Hi,
On Nov 21 2015 18:46, Takashi Iwai wrote:
On Sat, 21 Nov 2015 01:29:24 +0100, Takashi Sakamoto wrote:
In your original statement:
As a result, userspace applications can request PCM substreams at current sampling transfer frequency. Therefore, when users want to start PCM substreams at different rate, they should set the rate in advance by the other ways (i.e. ffado-dbus-server/ffado-mixer).
So, an application cannot change the PCM rate other than the value currently set by another tool. Is it correct?
Correct.
The single rate restriction is fairly common among many drivers. As this appears like a hardware limitation on DICE, it's fine, per se. But, requiring a special tool to set the sample rate is different; it sounds strange to me.
Why it must be *only* by another tool, not by PCM interface itself? Suppose you playing a single application. Kernel driver also knows that it's currently only a single process accessing the hardware. What prevents it changing the sample rate?

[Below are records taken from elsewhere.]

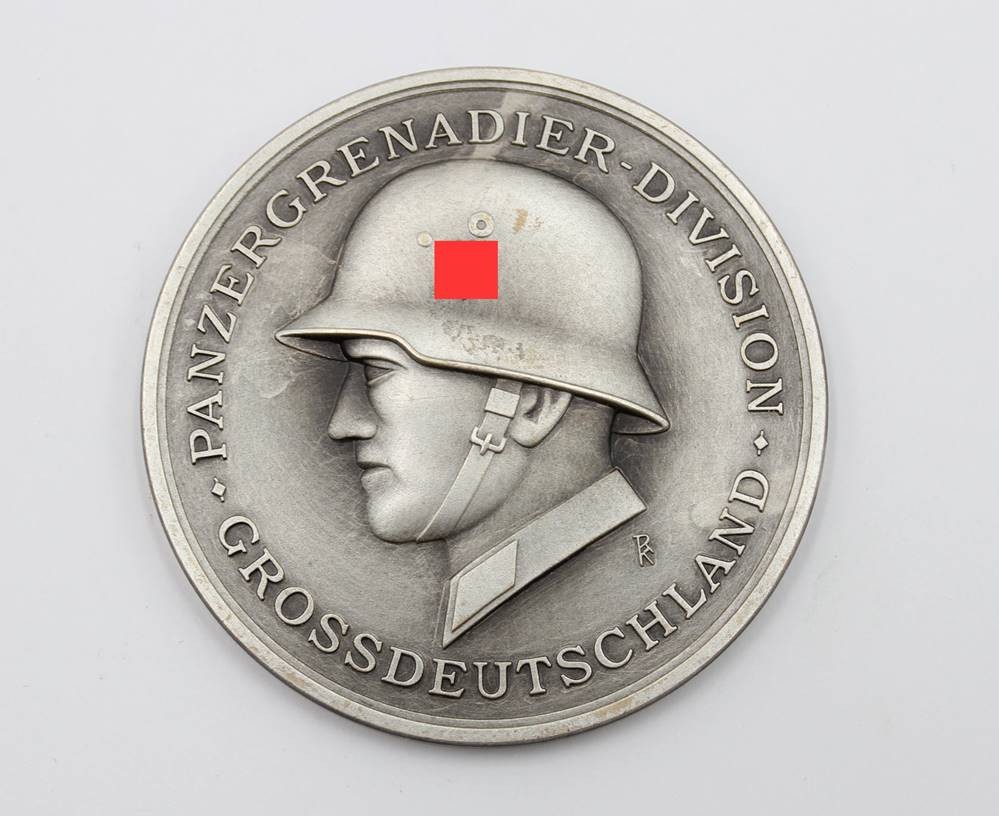 Medaille, Panzergrenadierdivision Großdeutschland, Buntmetall, Umschrift "DIE HEIMAT DANKT DEN TAPFEREN SOLDATEN", D-6,5cm [1]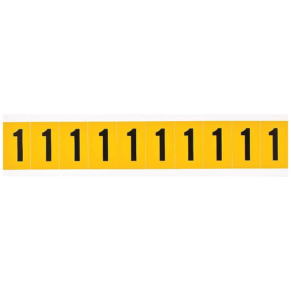 Number Label, Adhesive Type Permanent Adhesive, Application General Identification, Pipe and Valve Marking, APWA Compliant Color No, Background Color Yellow, Character Color Black/Yellow, Character Color Gradient Solid Color, Character Height 1 in, Character Outline Color Not Applicable, Character Type Numbers, Characters Included 1, Die Cut Yes, Embossed No, Font Archivo Narrow, Includes (25) Labels, Indoor/Outdoor Usage Indoor/Outdoor, Letter Casing Uppercase, Material Vinyl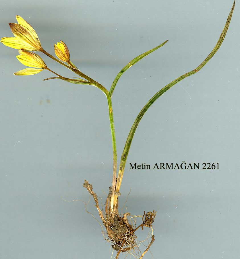| G. uliginosa Siehe & Pascherin Sitz.-Ber. Deutsch. Naturw.-Med, Ver. Böhm. 'Lotos' n.s. 24:129 (1904). Syn: G. tauricola Schott & Kotschy in Tchihat., Asie Min. Bot. 2:534 (1860) nom. nud.; G. sokimsni Boram, m Mitt. Thür. Bot. Ver. n.s. 18:46 (1903) nom. nud.; G. uliginom Siehe & Paseher var. solei-mani Bornm. ex Pascher in Byull. Mosk. Obshch. Prirod., Bioi. 19:371 (1907); G. soleimani (Bornm. ex Pascher) Bomm. m Bull. Herb. Boiss. ser. 2, 8:730 (1908). Bulbs solitary or in small groups; tunics forming a fibrous neck 8-20 mm, without recurved thickened roots. Whole plant glabrous. Basal leaf 1, linear, 1-1.5 mm broad. Inflorescence 2-5 cm, branching at middle. Cauline leaf 1, not overtopping flowers, filiform; bracts 1 per flower, bracteole I on terminal pedicel. Flowers 1-2. Pedicels not greatly elongating in fruit. Perianth segments bright yellow, reddish outside, 8-15 mm, iaaer narrowly diamond-shaped, outer narrowly ovate. Capsule not seen. Fl. 6-8. Damp mossy places, usually by late snow patches, 2500-3500 m. Type: [Turkey C5 Konya] Cilicien, Ketsebile (Moorwiese 2600 m), vii 1896, Siehe 308 (iso. BM! E! G! K!). S. & S.E. Anatolia; apparently disjunct. B9 Bitlis: Tatvan, Nemrut Da., 2500 m, Rix 1977! Van: Artos Da., 3500 m, D. 22876! C5 Niğde: Ala Da., 3050 m, Wood & Gibson 76! Konya: Ketsibeli, Kotschy (as G. tauncola). C9 Van: Kulinazu Da., 2800 m, Frödin 1936:230. Hakkari: Culameric (Hakkari), above HaSitha (Aşutka), 2500 m, Nabélek 2184! N. Iraq, Iran. Ir.-Tur. element. Related to G. chlorantha, and to G. olgae Regel from C, Asia. |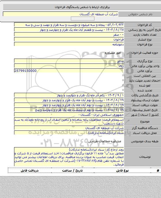تلفن:5- 88349670 (021) فکس: 88349673 (021) Website: www.ParsNamadData.com E-mail: Info@ParsNamadData.com مناقصه استعلام قیمت: مطالعات پایه سامانه و تامین انتقال آب از رودخانه محمدآباد به سد شهید دستغیب

And, even if we implement in that way -- allowing only the locked sample rate -- by some reason (e.g. due to the code complexity), why can't it be controlled via a more common interface like a normal mixer element or such? Some drivers do so, simply by providing an enum control for the master sample rate.
So again: restricting the PCM per one rate itself is understandable. The main question is, however, how to manage the current sample rate. If the first-user-allowed rule is applied, there won't be a big regression, for example.
The first-user-allowed rule is also common in all of drivers in ALSA firewire stack, so as ALSA dice module. The first process to access hardware via ALSA PCM interface is dominant for deciding sampling transfer frequency.
For ALSA firewire stack, we, at least I and Clemens, have an agreement to implement driver functionality except for packet streaming in userspace as much as possible. This is due to the consideration about the difference of functionalities in models which applies the same communication chipset. The much model-dependent codes increses codes in kernel driver. And the codes make it hard to maintain it because they're for model-dependent functionalities. Owners of the models has a possibility to know mechanisms for the functionalities, while we don't touch all of models and investigate them. Userspace is good in this case.
To the question about the tools except for ALSA PCM interface, I answer that Dice framework doesn't allow drivers to get all of combinations for PCM rate/channels. In this case, ALSA driver cannot have enough PCM rules to tell all of the combinations and ALSA PCM applications cannot decide to use which PCM rates or channels. This is not related to the code complexity at all.
The reason not to use ALSA Control elements to change the state of clock is that it can be achieved in userspace, so as FFADO does via fw character devices. If ALSA dice driver had the ALSA Control elements, application developers should use both of ALSA Control interface and Linux FireWire character interface. The cost of the study becomes higher than simply using Linux FireWire character interface. If I were the developer, I might not use ALSA Control interface because what I want is too simple to understand many APIs which alsa-lib produces.